Séssil é um animal que não se movimenta por livre vontade, contrariando todas as leis que eu achei conhecer – no caso, que o que caracteriza um animal, entre outras coisas, é o movimento, que já as plantas não têm. Pois os sésseis são animais e não têm liberdade de movimentos, e assim que, na semana passada, descobri que isso existia, fiquei suspensa entre o prazer de mastigar essa palavra entre os dentes – experimente em voz alta! - e a intranquilidade que me gerou imaginar algo que, devendo caracterizar-se pelo movimento, é justamente reconhecido por não o fazer.
Repeti vezes sem conta essa palavra, e outras que foram surgindo, a partir de todos e cada um dos processos que temos para formar novas palavras: sessilmente, cor-de-séssil, sessilento, sessílimo, sessilítico, aséssil... e por aí vai. Gosto disso desde pequena, e até fui recriminada várias vezes, nos bancos escolares, por inventar respostas a partir de palavras também inventadas para perguntas que eu sinceramente poderia jurar terem sido inventadas também.
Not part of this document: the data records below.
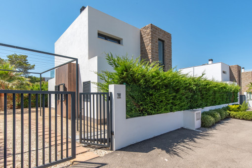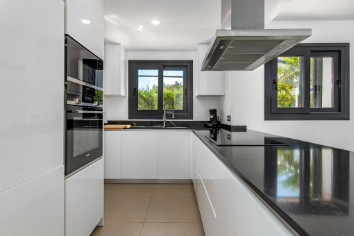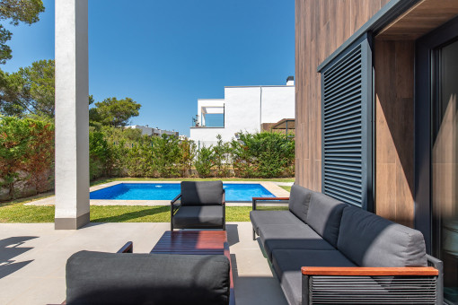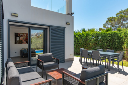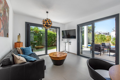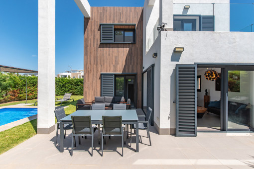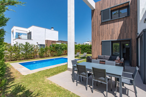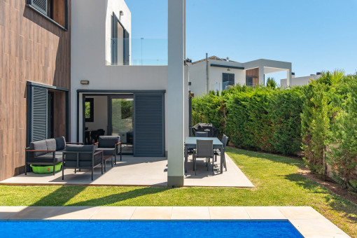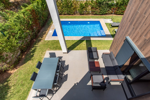 When you enter this villa, you feel captivated by the open and bright living concept. Large floor-to-ceiling windows allow plenty of light into the house and you immediately feel at home. To the left is the open kitchen with an adjoining utility room. To the right is a bedroom, a bathroom and access to the spacious cellar. A large rainwater cistern is installed here, which ensures the central irrigation of the garden and the cellar also offers plenty of additional storage space. The open-plan living and dining area round off the first floor. From here you can also access the well-tended garden with its large private pool. A covered terrace is part of the outdoor area, providing a shady spot on sunny days.
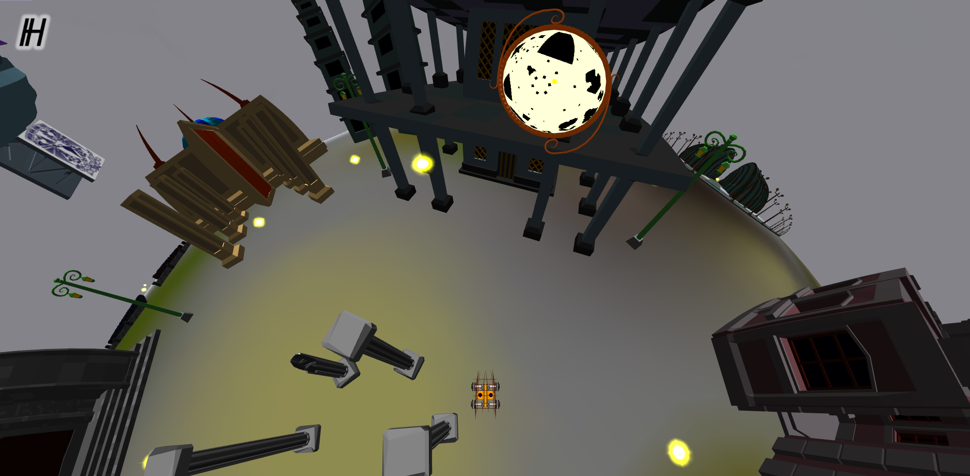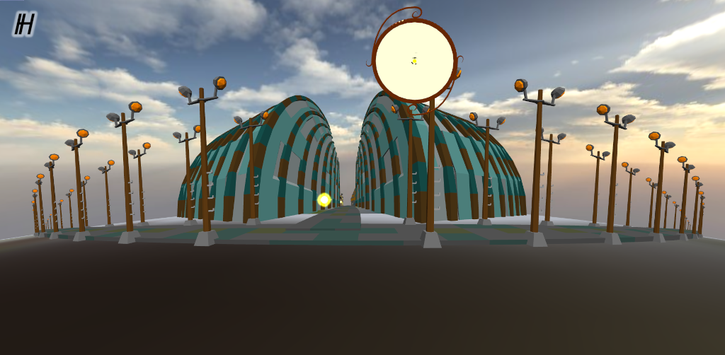 con la cámara euclidiana y la hiperbólica viendo desde el origen, aparece el icono de H.
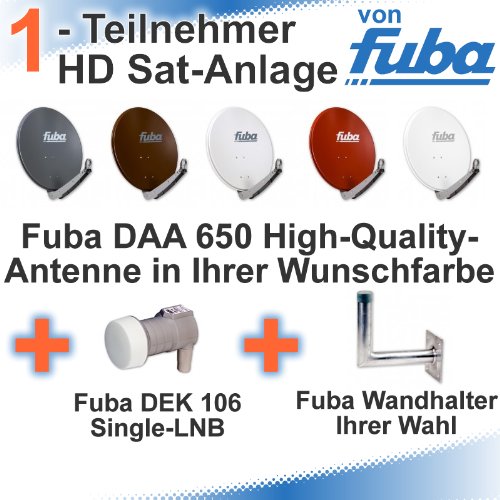 Fuba DAA 650 HD Sat Anlage - 4 Teilnehmer (DEK 106) - Sat Anlage bestehend aus Fuba DAA 650 in Ihrer Wunschfarbe + Fuba DEK 106 Single LNB + Fuba Wandhalter
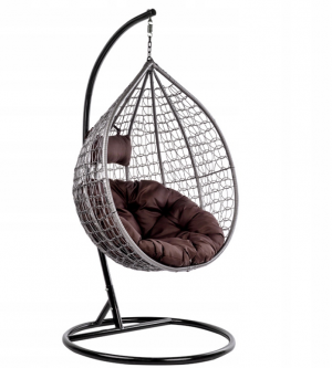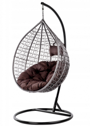 КРІСЛО САДОВЕ ПІДВІСНЕ КОКОН ВЕЛИКИЙ КОШИК СІРИЙ З КРУГЛОЮ КОРИЧНЕВОЮ ОСНОВОЮ ПОДУШКА
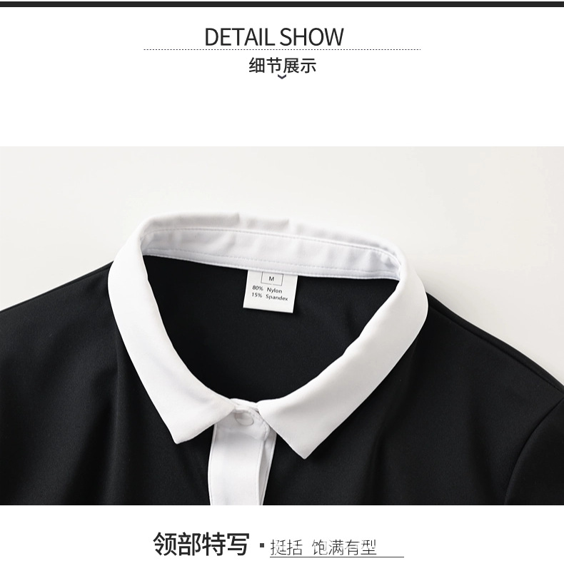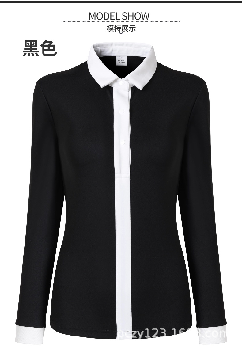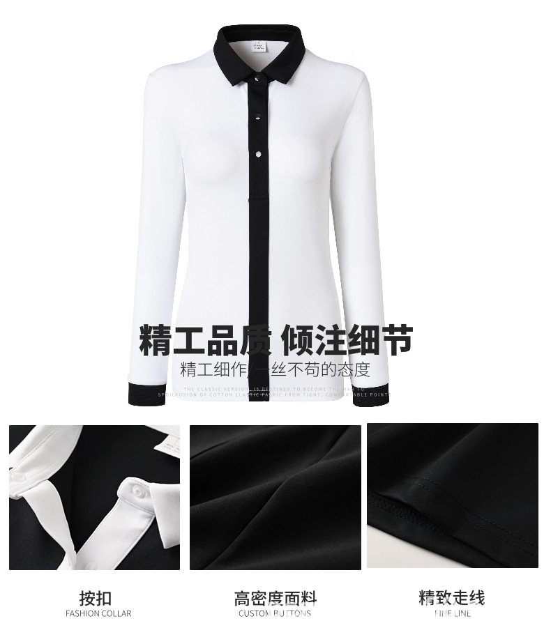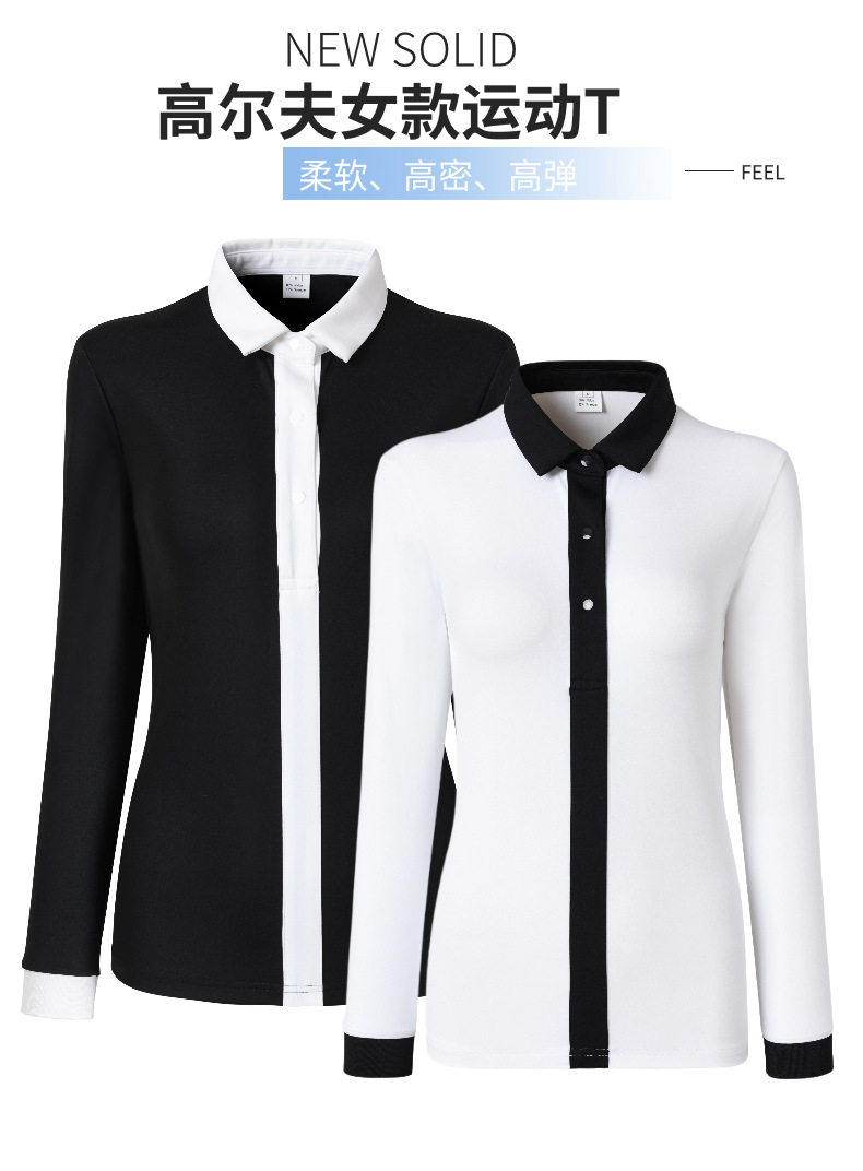 高尔夫服女春秋长袖新款翻领修身百搭撞色拼接上衣时尚弹力polo衫
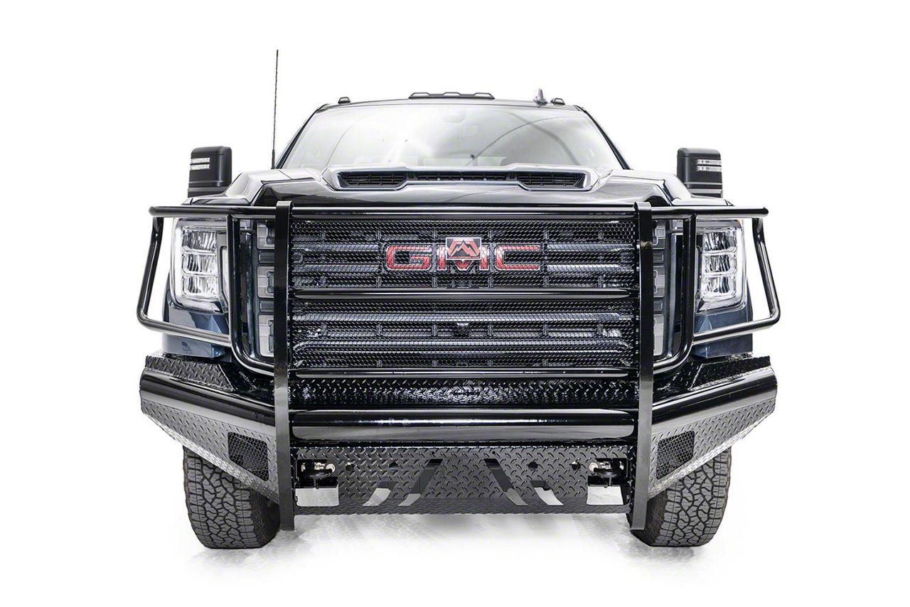Application. A Fab Fours Black Steel Elite Front Bumper with Full Guard is constructed to accurately fit 2020-2023 Sierra 2500 HDs.
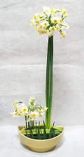 左&中:季節の花(水仙)がとてもいい香りで春の足音が聞こえてきます水仙一種のアレンジメントのデザインです。
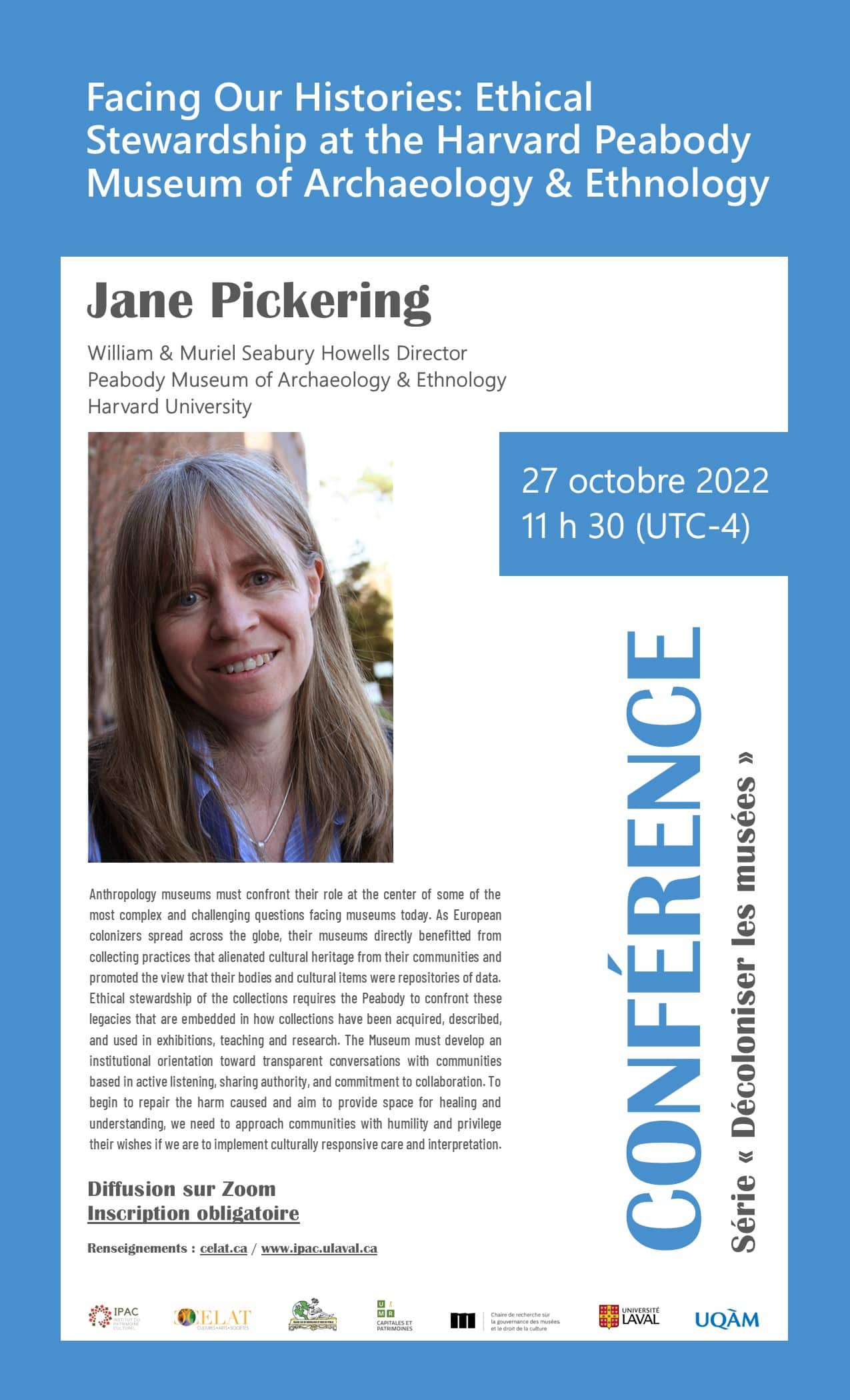 Le CELAT et ses partenaires vous invitent à assister à la conférence « Facing Our Histories: Ethical Stewardship at the Harvard Peabody Museum of Archaeology & Ethnology », qui sera présentée sur Zoom par Jane Pickering (Peabody Museum, Université Harvard) le jeudi 27 octobre à 11 h 30 (UTC-4). L’activité s’inscrit dans la série de conférences « Décoloniser les musées », sous la direction de nos membres Yves Bergeron, Jean-François Gauvin, Habib Saidi et Laurier Turgeon. Au plaisir de vous y voir!
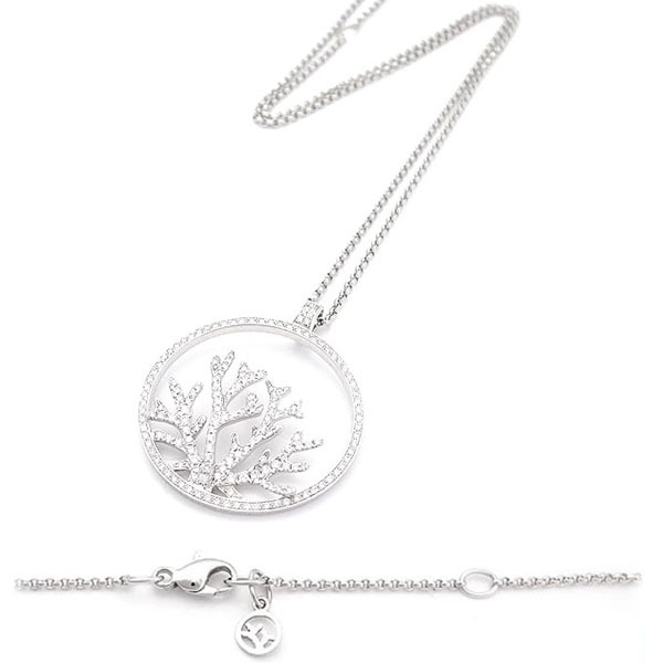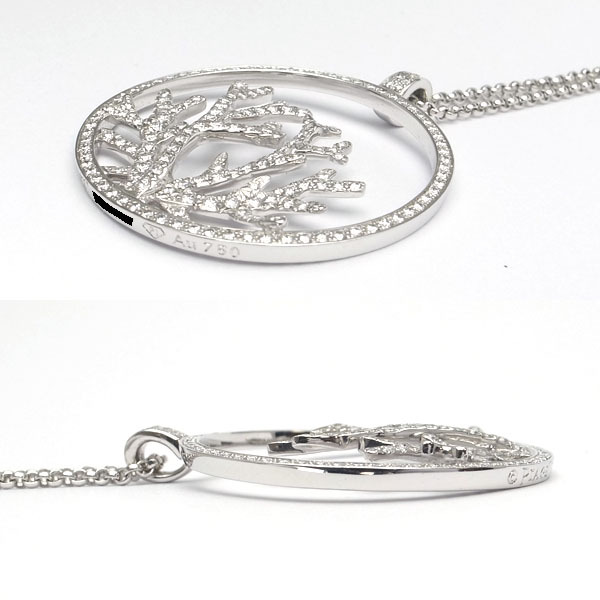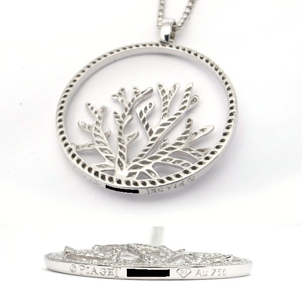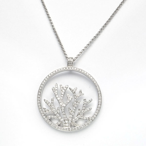 コメント まるで人間が容易にたどり着けない海の底の"パラダイス"からやって来たかのような、珊瑚の見事な枝を広げるペンダント。一本一本が立体的に前後した枝は、かすかに弧を描き、周りの円からドーム状に象られています。まばゆいきらめきをはなつ珊瑚がその軽やかさとインスピレーションによって、胸元にに海の底の詩的な美しさを描きます。ピアジェならではの繊細でエレガントなダイヤモンドネックレス。
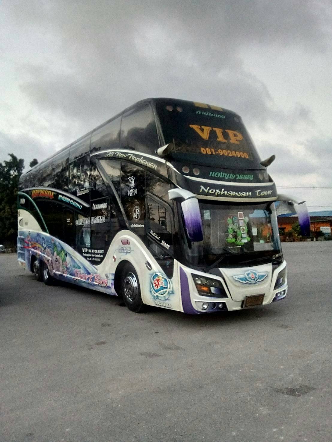 รายละเอียด สปอร์ตบัส 10 ล้อของนพวรรณทัวร์ โทนสีม่วงสบายตา คาดหน้ารถสีเหลือง เบาะนั่งภายใน 52 ที่นั่งแบบใหม่นั่งสบาย ปรับเอนพักผ่อนได้ พร้อมพนักพักมือและเบาะรองน่อง ระบบความบันเทิงเต็มรูปแบบ ทีวี LCD จอแบนขนาดใหญ่จุใจถึง 3 จอ เครื่องเสียงครบครันทั้งภายนอกและภายใน พร้อมระบบคาราโอเกะ ห้องเก็บกระเป๋าสัมภาระขนาดใหญ่ ห้องน้ำในรถ เดินทางสะดวกสบายทุกที่ทั่วไทย
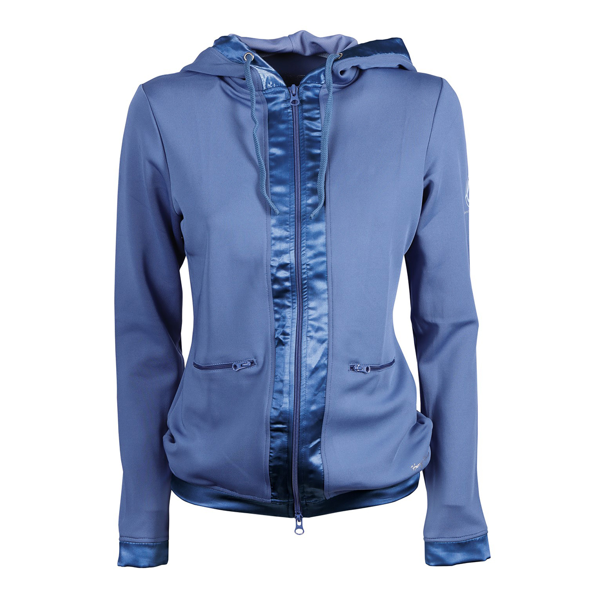 Элегантная толстовка (Jacket) с капюшоном для верховой езды. С 2-полосной молнией и двумя карманами на молнии, красивой отделкой вдоль молнии и логотипом на левом рукаве.
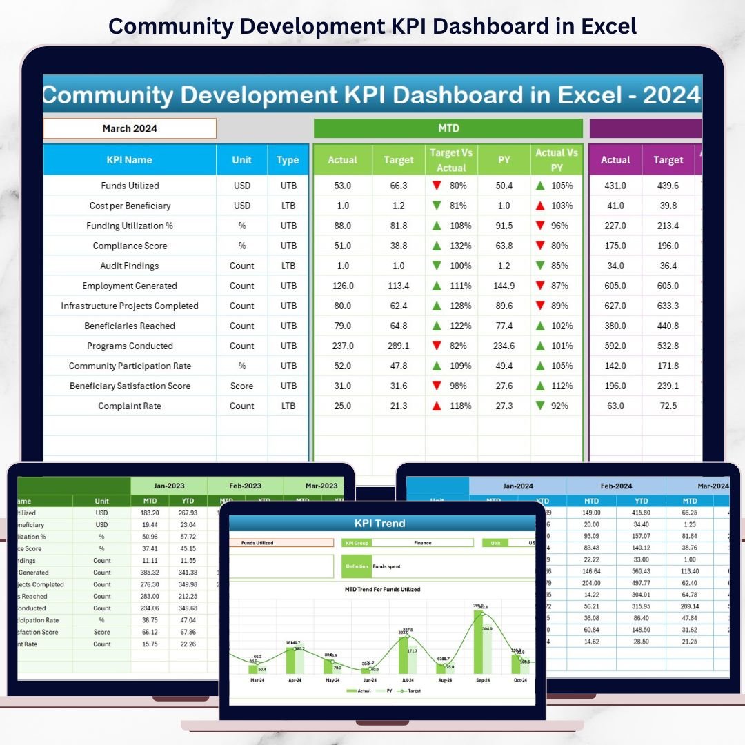 This ready-to-use Excel dashboard transforms raw community development data into clear, structured, and actionable insights. Instead of spending hours compiling reports, teams can instantly track Month-to-Date (MTD) and Year-to-Date (YTD) performance from one centralized dashboard. Because the dashboard is built entirely in Excel, it remains easy to use, flexible, and accessible—even for non-technical users.
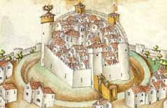 Пригадайте особливості забудови середньовічних міст. Уважно розгляньте малюнок і визначте елементи, з яких складалися середньовічні замки-фортеці. Складіть коротку розповідь про середньовічний замок.
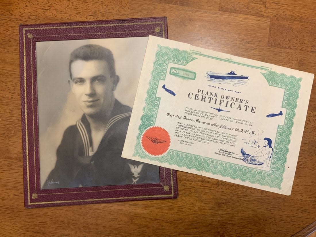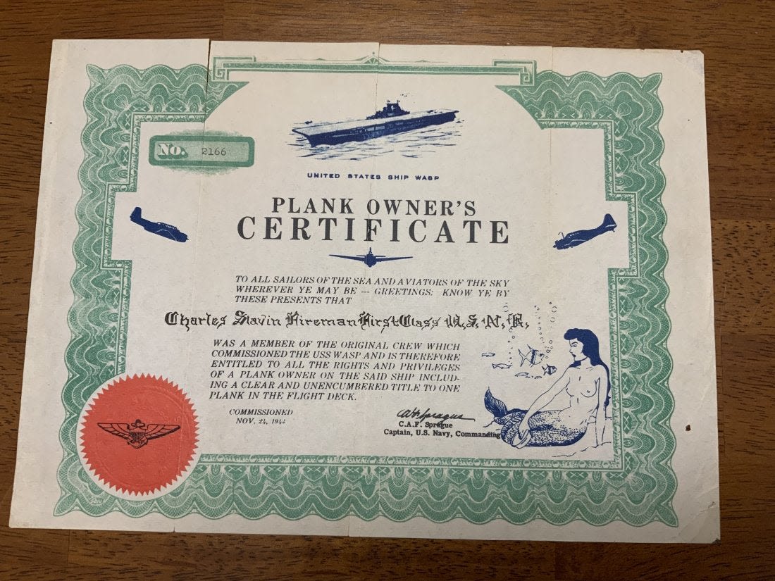 USN Navy USS WASP Plank Owners Certificate & Photo. United States Ship WASP Plank Owners Certificate. Named to Charles Glavin Hireman (?) First Class USNR. These certificates were only awarded to sailors who were the first to be part of the ship upon commissioning. The certificate has creases and tears where the creases are located. A photo was found behind the certificate. It shows the recipient of the certificate a Yeoman First Class. The photo is in very good condition. The size of the photo is 8 x 10 inches. The certificate is 8 x 11 inches.

Séssil chega-nos diretamente do grego – e, efetivamente, quer dizer “movimento parado”, o que no mínimo é um paradoxo. Ou não – penso com os meus botões, depois de reparar em quem, em movimento (frenético até), permanece ainda assim parado. Talvez seja uma questão de perspectiva. Distância? Não envolvimento?
Eu não gostaria de reencarnar como um séssil. Esponjas são sésseis, e eu tinha uma tia que gostava imenso de me dar esponjas naturais no Natal – coisas estranhas e duras que à simples imersão em água quase se desmanchavam, absorvendo imensas quantidades de líquido e deixando a sua aparência dura e morta para trás. A sua absorvência, apesar disso, não me dava a impressão de vida, mas de abandono e de perda de si mesma, da sua estrutura, ainda que essa tivesse sido desagradavelmente dura. Não sei até hoje o que prefiro: se a esponja seca, dura e da cor da morte, se a esponja molhada, mole e da consistência da perda. Só tenho certeza de que não me sentiria feliz reencarnando como séssil, ou seja, como esponja.
De qualquer forma, tem sido interessante olhar para o mundo em volta em termos de sésseis e não-sésseis. Pessoas sésseis, situações sésseis, sentimentos sésseis, atitudes sésseis. Como tudo se movimenta, lá está a impressão do dinamismo da vida, das suas transformações; mas como tudo está parado, sobrevém a máscara da morte, aliás a máscara, que é sempre de morte, porque rouba a vida daquilo que é – e se movimenta em movimento.
Há um momento fugaz em que tudo o que é séssil se revela – tudo o que está parado enquanto poderia movimentar-se trai-se nos momentos em que descansa. Porque o que descansa do movimento verdadeiro, precisa descansar, e aquilo que descansa do movimento parado faz de conta que descansa, e é nesse momento que se trai, porque se perde em si mesmo à procura de um sentimento que não conhece, porque não se deu ao trabalho de sentir. Porque sentimentos são movimentos que não param, a não ser que os paremos, para que eles não se atrevam a entrar em nós e desestruturar esse movimento parado que, talvez por falta de vigilância, construímos em silêncio e solidão dentro de nós mesmos.